Dataset =>
*** Block opens ***

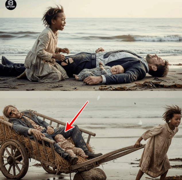 Anna’s arms ached from pulling, but she didn’t dare stop. The wagon creaked. The rusted wheels clattered against shells and broken wood as she dragged the unconscious man up the dune path. The baby lay swaddled in a damp towel beside him, unmoving, silent. Every few steps, she looked down, hoping for some flicker of life. None came. Her chest felt tight. She told herself she was only moving them to get them off the beach, away from the tide. That was all. But a small, stubborn voice inside whispered something else.
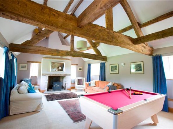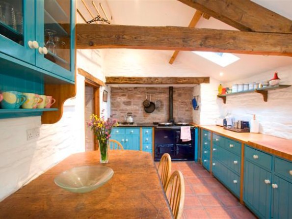 Bedroom 1 on the top floor has a king sized bed and a large en-suite bathroom, Bedroom 2 is a double with a shared bath/shower room, and Bedroom 3 is a twin room with an extra single bed in it. The cottage also has a sitting room, a dining room, a drawing room and a kitchen with an Aga. There is a Jacques pool table and indoor table tennis table. Blaencwm’s bespoke kitchen offers an ideal space for preparing culinary masterpieces. There is a door leading into the sitting room/ dining room with further dining seating for 8. The kitchen door opens out to the sheltered South East facing terrace overlooking the garden, a perfect spot for breakfast and lunches.
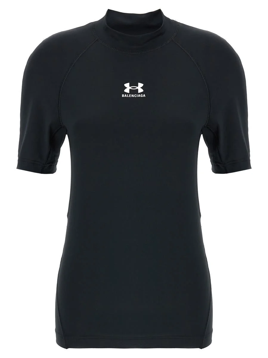 Under Armour® T-shirt in light spandex with logo print on the front and back, mock collar, and short sleeves Gender: Women Material: 85% POLYESTER, 15% ELASTANE Color: Black Made in: Portugal Product ID: 816222TRVY31000 *Import tax/duty will be calculated at checkout (If applicable)
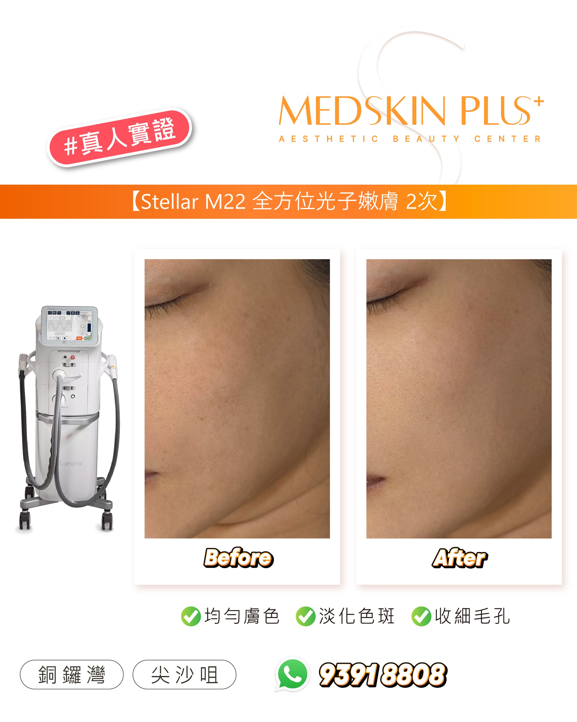 Stellar M22 有效解決30多種皮膚問題,包括:日曬色斑、荷爾蒙斑/ 肝斑、老人斑、雀斑、暗瘡、微絲血管及擴張引起的紅印等。亦可調整皮脂腺分泌、嫩白提亮膚色、收細粗大毛孔、嫩膚緊緻。
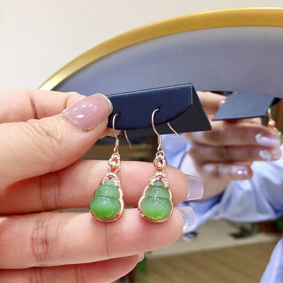 S925銀の装飾は小さい大衆の碧玉の猫の目をはめ込んでヒョウタンのペンダントの女性の種類の多様性を引き出して玉のペンダントをつけます。
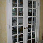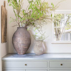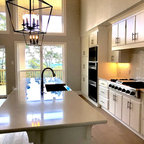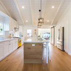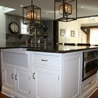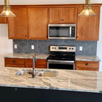 Пример оригинального дизайна: п-образная кухня среднего размера в стиле кантри с обеденным столом, врезной раковиной, фасадами с выступающей филенкой, фасадами цвета дерева среднего тона, гранитной столешницей, серым фартуком, фартуком из керамической плитки, техникой из нержавеющей стали и светлым паркетным полом — Houzz
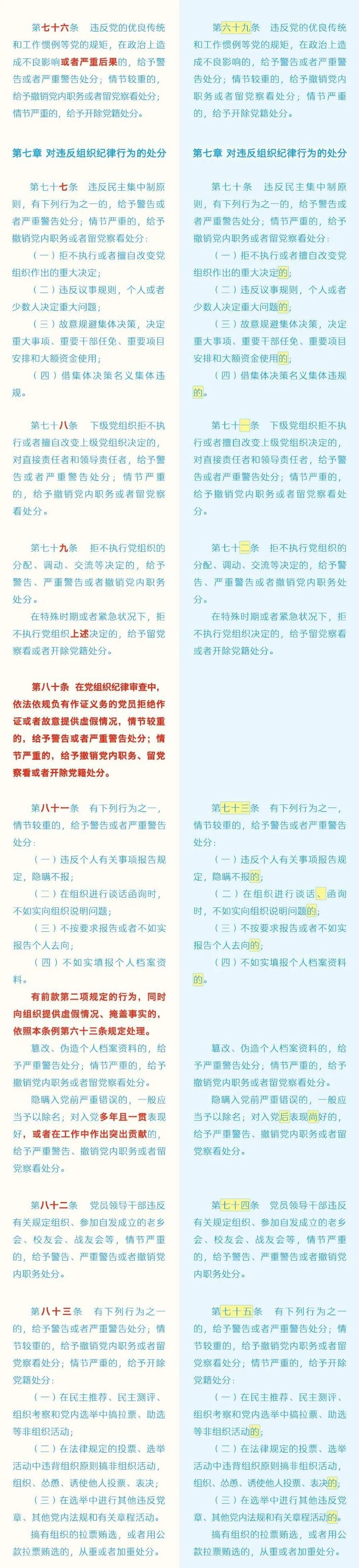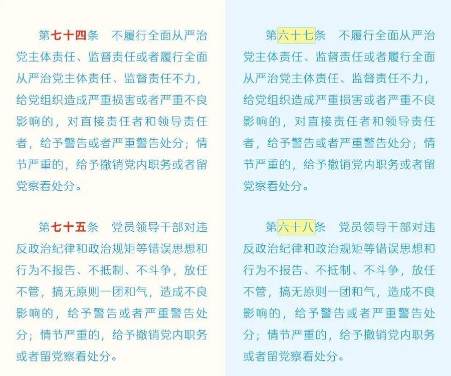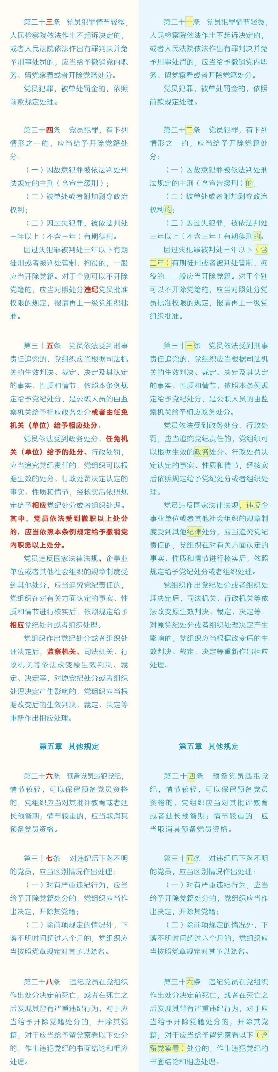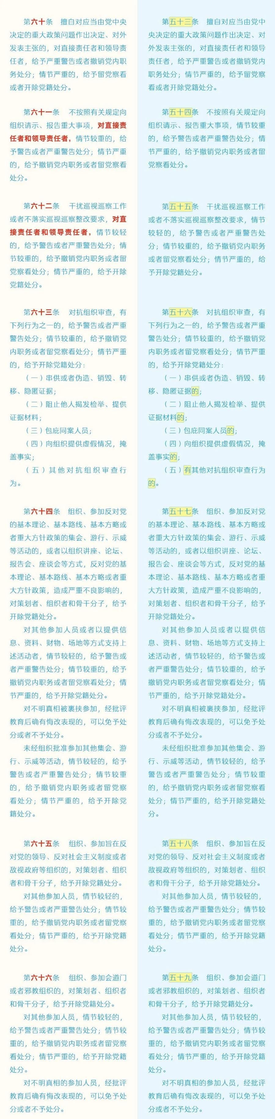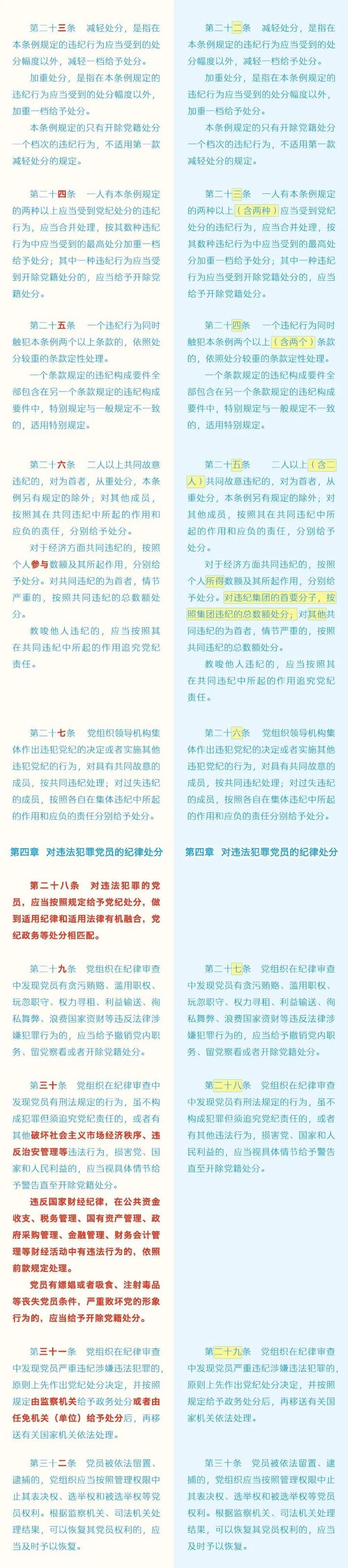《中国共产党纪律处分条例》修订条文对照表
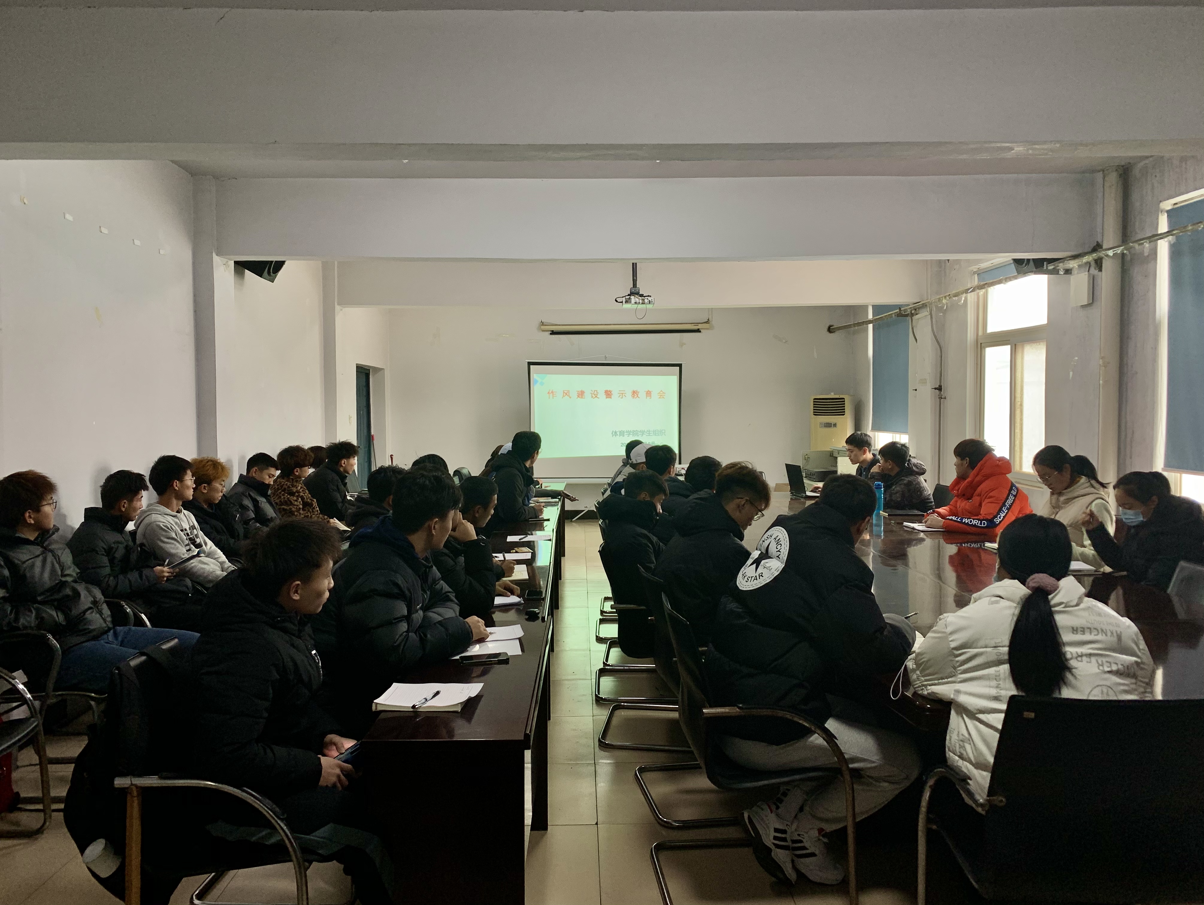 为全面加强学生会作风建设,提高学生会工作人员责任担当意识,12月8日,体育学院学生会在东风校区体育馆三楼会议室召开了作风建设警示教育会,全体学生会工作人员和部分学生代表参加了此次会议,会议由体育学院学生会主席团成员韦战旗主持。

*** Block closes ***

Exercise requirements => Print the stretch of the data from the line with "S925銀の装飾は小さい大衆" through its last line, exactly and with both ends kept. Omit pictures.

Result of this task =>
 S925銀の装飾は小さい大衆の碧玉の猫の目をはめ込んでヒョウタンのペンダントの女性の種類の多様性を引き出して玉のペンダントをつけます。
 Пример оригинального дизайна: п-образная кухня среднего размера в стиле кантри с обеденным столом, врезной раковиной, фасадами с выступающей филенкой, фасадами цвета дерева среднего тона, гранитной столешницей, серым фартуком, фартуком из керамической плитки, техникой из нержавеющей стали и светлым паркетным полом — Houzz
《中国共产党纪律处分条例》修订条文对照表
 为全面加强学生会作风建设,提高学生会工作人员责任担当意识,12月8日,体育学院学生会在东风校区体育馆三楼会议室召开了作风建设警示教育会,全体学生会工作人员和部分学生代表参加了此次会议,会议由体育学院学生会主席团成员韦战旗主持。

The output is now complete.